- Theatrical movie poster
- Directed by: Richard Benjamin
- Written by: Nat Mauldin
- Produced by: Charles H. Maguire
- Starring: Anthony Edwards; Forest Whitaker; Penelope Ann Miller; Joe Pantoliano;
- Cinematography: Richard H. Kline
- Edited by: Jacqueline Cambas Brian L. Chambers
- Music by: Alan Silvestri
- Distributed by: 20th Century Fox
- Release date: January 12, 1990;
- Running time: 96 minutes
- Country: United States
- Language: English
- Budget: $10,000,000 (estimated)
- Box office: $2,346,150

= Downtown (film) =

1990 American police action comedy film directed by Richard Benjamin

Downtown is a 1990 American buddy cop action comedy film directed by Richard Benjamin. The film starred Anthony Edwards, Forest Whitaker, Penelope Ann Miller and Joe Pantoliano.

==Plot==

Police Officer Alex Kearney is a patrolman in Bryn Mawr, an affluent, plush suburb of Philadelphia—until he stops an important businessman and his account of the incident is not believed. As punishment, he is assigned to work Downtown, considered the most dangerous, high-crime precinct in the city. Everyone at the precinct is certain that the 'by the book' suburban, pampered cop is going to get himself (and whoever is assigned as his partner), killed.

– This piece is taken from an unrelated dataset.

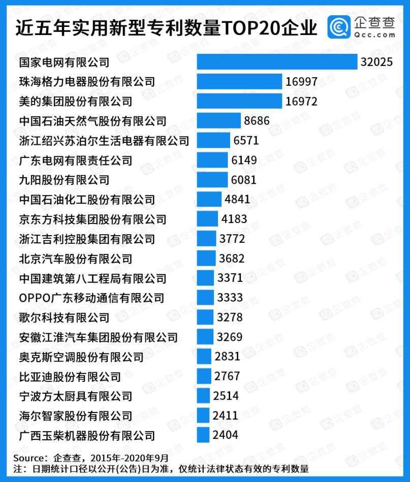 近五年发明专利企业TOP20里,国家电网比华为还要高出3552项。

Sergeant Dennis Curren draws the unfortunate 'babysitting' assignment. However, when Alex's best friend is killed investigating a stolen car, Alex throws the book out the window tracking down the killer.

==Cast==
- Anthony Edwards as Officer Alex Kearney
- Forest Whitaker as Sergeant Dennis Curren
- Penelope Ann Miller as Lori Mitchell
- Joe Pantoliano as White
- David Clennon as Jerome Sweet
- Art Evans as Henry Coleman
- Rick Aiello as Mickey Witlin
- Roger Aaron Brown as Lieutenant Sam Parral
- Ron Canada as Lowell Harris
- Wanda De Jesus as Luisa Diaz
- Francis X. McCarthy as Inspector Ben Glass (credited as Frank McCarthy)
- Kimberly Scott as Christine Curren
- Danuel Pipoly as Skip Markowitz
- Ron Taylor as Bruce Tucker
- Vinnie Curto as Mr. Lopez

==Production==
This was the theatrical debut of scriptwriter Nat Mauldin, a writer on Barney Miller and a writer-producer of Night Court.

Principal photography began 17 April 1989, according to the 19 April 1989 Daily Variety and 25 April 1989 Hollywood Reporter, with a scheduled wrap date of 30 June 1989.

Though the plot of the movie references a Philadelphia suburb, Bryn Mawr, most of the exterior filming is done within the City of Philadelphia. The beginning of the film features Cresheim Valley Road, Stenton, and Germantown Avenues. This is in the Mount Airy and Chestnut Hill neighborhoods.

There are a few early scenes that are filmed in and around Los Angeles. The scene where Anthony Edwards pretends to pull over Penelope Ann Miller is filmed on Yale Street, in Claremont, CA. Later portions of the film are in the Fairhill and Norris Square neighborhoods which are now known as "The Badlands" circa 2000. Diamond Street is within this area, but Philadelphia police districts are numbered, not named for streets or neighborhoods.

Locations
- Philadelphia, Pennsylvania
- La Canada, California ("Bryn Mawr")
- Claremont, California
- Pasadena, California
- University Park, Los Angeles ("Dennis Curren's" home)
- Los Angeles, California
- Ports O' Call in San Pedro, California
- Woodland Hills, California (the "Sweet" estate)
- stage 6 at the Warner Center in Woodland Hills, California
- stage 14 at the Warner Center in Woodland Hills, California

== Reception ==
The film received mostly negative reviews. Hal Hinson of The Washington Post called the film racist for picturing "the inner city as an all-black criminal hell-town where the men who walk the streets are much less human than the people in the all-white suburbs." David Nusair of Reel Films called it "[r]elentlessly bland and hopelessly unfunny."

On 13 January 1990, Washington Post called it "just a B-grade movie, aimed at the lowest common entertainment denominator".
On 16 January 1990, Chicago Tribune wrote "lurches crudely and disruptively between sitcom flippancy, sickening violence, cartoonish physical comedy and oozing sentimentality."
On 17 January 1990, USA Today wrote "derivative, dull, dopey, degrading, dumb, deplorable", and panned Anthony Edwards as "so bland he makes Wonder Bread look funky"

"the wimp starts to toughen up, while the rebel becomes a sensitive, sharing, family man" — Adrian Martin, November 1992.

"cluttered, with too much noise on the soundtrack and too much aimless, frenetic and at times ugly action" — Janet Maslin, January 1990.

"crass uptown film about downtown" – Dennis Schwartz Reviews.